A young ape embarks on a voyage that will cause him to doubt all he has been taught about the past and make decisions that may shape the future for both apes and humans, many years after Caesar's rule.
 

War is a cold and desolate depiction of man's final struggle against an expanding ape empire, while Dawn is a gritty and terrible survival thriller. Continuing in this spirit, Kingdom of the Planet of the Apes is an exciting action-adventure set among the collapsing wreckage of human civilization. Though there are still traces of Caesar and evidence of Andy Serkis' outstanding work on the series, this is mostly the narrative of Noa (Owen Teague), an Eagle Clan ape who has to save his family after a cataclysm razes everything in his path.
 

Noa travels on this adventure with companions. He encounters Raka (Peter Macon), a sage orangutan who imparts wisdom from Caesar and important details on the past of apes and human relations. Over time, Caesar's lessons have been corrupted and perverted, and most apes no longer understand their original significance. Despite his best attempts to close the gap between humans and apes, Caesar's name is now associated with terror and brutality that drives a rising kingdom into mythology and lunacy.
 

On the other hand, Nova/Mae (Freya Allan) has her mythology. The person whom Noa and his clan refer to as "Echoes" is not the same as the enigmatic one. Rather than loincloths a la Palaeolithic, she's wearing trousers and a tank top. She exhibits an intellectual interest that Noa has never seen before. She also has the ability to speak, which humans have not had since the evolution of the simian virus.
 

Everyone has a distinct vision of the future, but Proximus Caesar's goals are particularly unclear until they are revealed in a truly unexpected way. It's an uncommon occurrence for a company to conceal the majority of the shocks in the second part of a film from trailers, but Kingdom of the Planet of the Apes' decision to keep many of them is pleasant. We are talking about a voyage that takes place hundreds of years after the war for the Planet of the Apes, so mythology is baked into the concept. It strikes a natural balance between spectacle and the extension of mythology.
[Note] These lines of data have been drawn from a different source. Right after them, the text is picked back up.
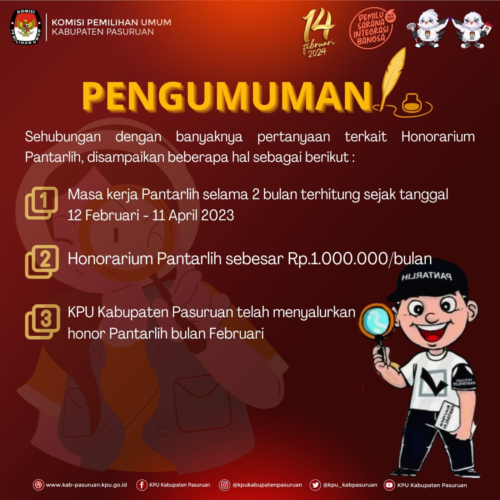 Pengumuman terkait Honorarium Pantarlih
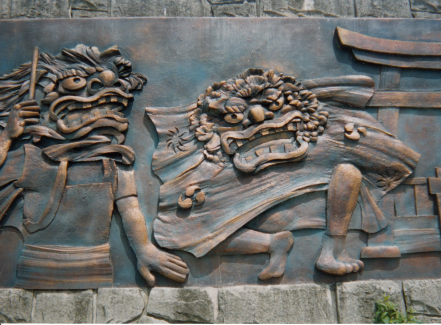 フィッシャリーナにある郷土芸能大神楽の石碑
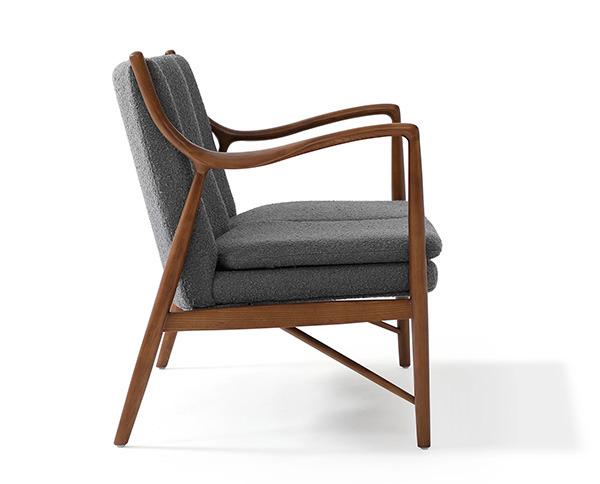 The year was 1945 and Finn Juhl had just released the original model 45 chair. The 45 was a break from the traditional armchair in that the seat and back were freed by design from the frame of the chair. A floating visual from all angles and an architecturally intriguing frame were the bi-products of this newly found freedom. Like the original, this exceptional reproduction features a solid timber American Walnut frame. Finn achieved the drawn-out windswept appearance by drawing the arms upward and forward while the mid seat frame section draws down and toward the back. Comfort is achieved through the foam wrapped and upholstered foam frame and plush multi-density seat cushion.
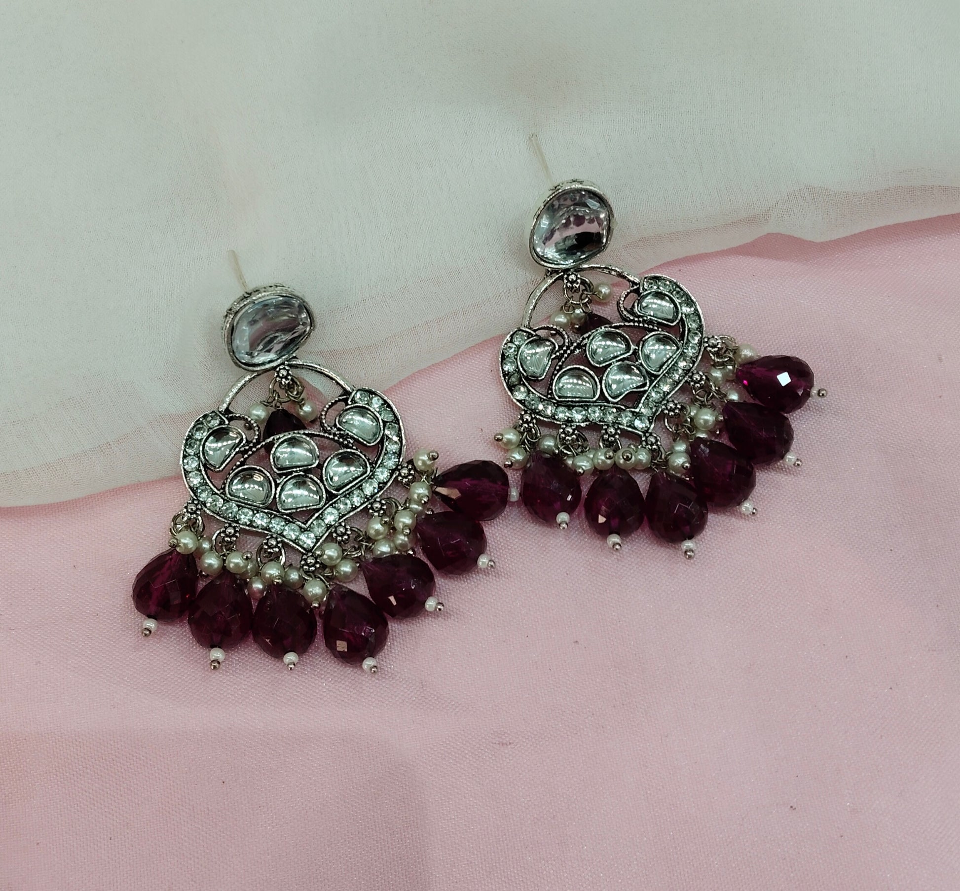 Purple Oxidized Metal Pushpa Indian Earrings Set

Unlike Dawn of the Planet of the Apes or war for the Planet of the Apes, Kingdom of the Planet of the Apes doesn't aim to punch you in the stomach and isn't as emotionally deep. As the Planet of the Apes series moves into its post-Caesar, Disney-owned period, it remains remarkably stable. It's a wise decision to move the story forward as it enables screenwriter josh Friedman to switch to an engaging adventure mode while director Wes Ball can show a drastically altered planet. Even though this is a separate Planet of the Apes, it yet seems to belong with the other installments.